EXERCISE DIRECTIONS | Return all of the data below verbatim and exclude every picture.

SUPPLIED INFORMATION |
* * * * *

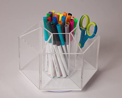 Are you sick of the clutter and mess that covers your desk? Make your desktop fully functional, organized and neat with theAcrylic Rotating Cup Holder Spinner fromDesignstyles. It?s the perfect office accessory for all of your stationery and supplies.Neatly store your pens, pencils, highlighters, scissors, paper clips, and other office supplies. A 360-degree rotating tray makes it easy to quickly grab exactly what you need. Free up drawer space when you utilize your countertops! When you free up surface space in your office or home things run smoothly and you can focus on the task at hand.PRODUCT FEATURES: Dimensions: 8" x 7? x 5? 7 Compartments 360 Degree Rotating Tray Made from High Quality Acrylic Saves Space Works in Office, Bedroom, Kitchen or Bathroom Color: Clear and WhiteMULTIPURPOSE AND MULTIFUNCTIONALThe organization doesn?t have to stop at your office. This stationary station is great for any room in your home. Use it in the kitchen to store utensils, magnets, chip clips and other loose ends. It functions as the perfect storage for your makeup brushes and cosmetics on your vanity or in your bathroom. A durable construction makes it perfect for storing loose ends and other home essentials.ABOUT USAt Designstyles we believe organization and style should be effortless and affordable. So we work to provide a wide range of supplies and organizers that make life run smoothly. With everything from magazine racks to storage baskets, you can depend on our carefully crafted products to keep your home or office neat and clean. We?ve got everything you need to make things run smoothly in your home or office. Choose style and choose Designstyles!
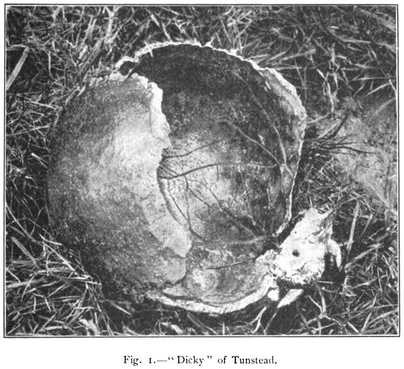 To be sure, Llewellyn Jewett’s “An Address to ‘Dickie,” one of the best written records of the folktale, was published in 1867 and includes a mention of the railroad workers’ trouble with the headstrong spirit. The same year, William Bennet shared his findings regarding the skull’s origins. He also notes the railroad encounter, suggesting that it had become a fixed part of the lore by then.
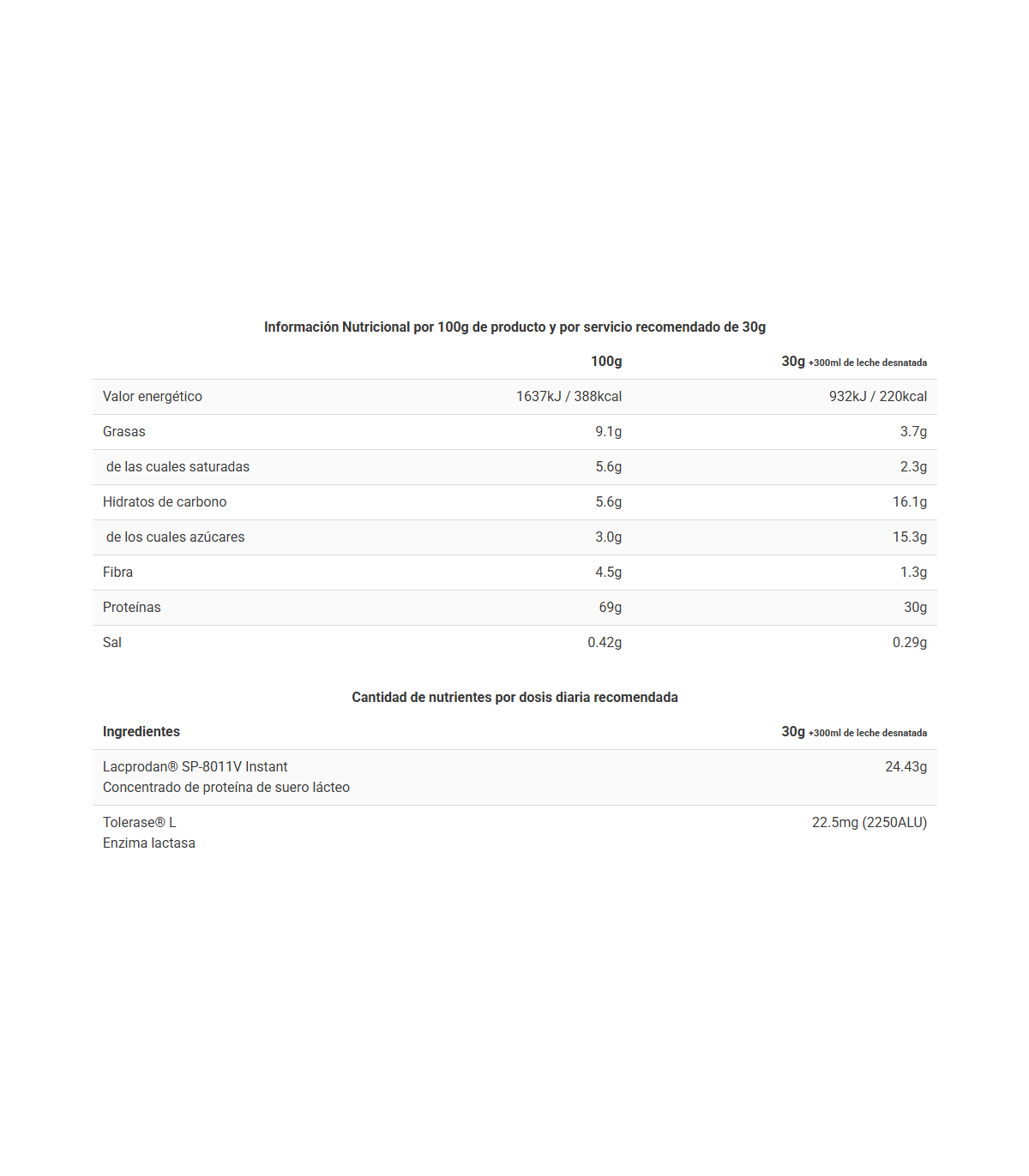 Como suplemento dietético, disolver 30g (1 servicio) mezclados en agua o leche desnatada (200-250 ml). Tomar 1-2 servicios al día, preferiblemente 1 batido en el desayuno y 1 batido después del entrenamiento.

* * * * *

REPLY TO THE EXERCISE |
 Are you sick of the clutter and mess that covers your desk? Make your desktop fully functional, organized and neat with theAcrylic Rotating Cup Holder Spinner fromDesignstyles. It?s the perfect office accessory for all of your stationery and supplies.Neatly store your pens, pencils, highlighters, scissors, paper clips, and other office supplies. A 360-degree rotating tray makes it easy to quickly grab exactly what you need. Free up drawer space when you utilize your countertops! When you free up surface space in your office or home things run smoothly and you can focus on the task at hand.PRODUCT FEATURES: Dimensions: 8" x 7? x 5? 7 Compartments 360 Degree Rotating Tray Made from High Quality Acrylic Saves Space Works in Office, Bedroom, Kitchen or Bathroom Color: Clear and WhiteMULTIPURPOSE AND MULTIFUNCTIONALThe organization doesn?t have to stop at your office. This stationary station is great for any room in your home. Use it in the kitchen to store utensils, magnets, chip clips and other loose ends. It functions as the perfect storage for your makeup brushes and cosmetics on your vanity or in your bathroom. A durable construction makes it perfect for storing loose ends and other home essentials.ABOUT USAt Designstyles we believe organization and style should be effortless and affordable. So we work to provide a wide range of supplies and organizers that make life run smoothly. With everything from magazine racks to storage baskets, you can depend on our carefully crafted products to keep your home or office neat and clean. We?ve got everything you need to make things run smoothly in your home or office. Choose style and choose Designstyles!
 To be sure, Llewellyn Jewett’s “An Address to ‘Dickie,” one of the best written records of the folktale, was published in 1867 and includes a mention of the railroad workers’ trouble with the headstrong spirit. The same year, William Bennet shared his findings regarding the skull’s origins. He also notes the railroad encounter, suggesting that it had become a fixed part of the lore by then.
 Como suplemento dietético, disolver 30g (1 servicio) mezclados en agua o leche desnatada (200-250 ml). Tomar 1-2 servicios al día, preferiblemente 1 batido en el desayuno y 1 batido después del entrenamiento.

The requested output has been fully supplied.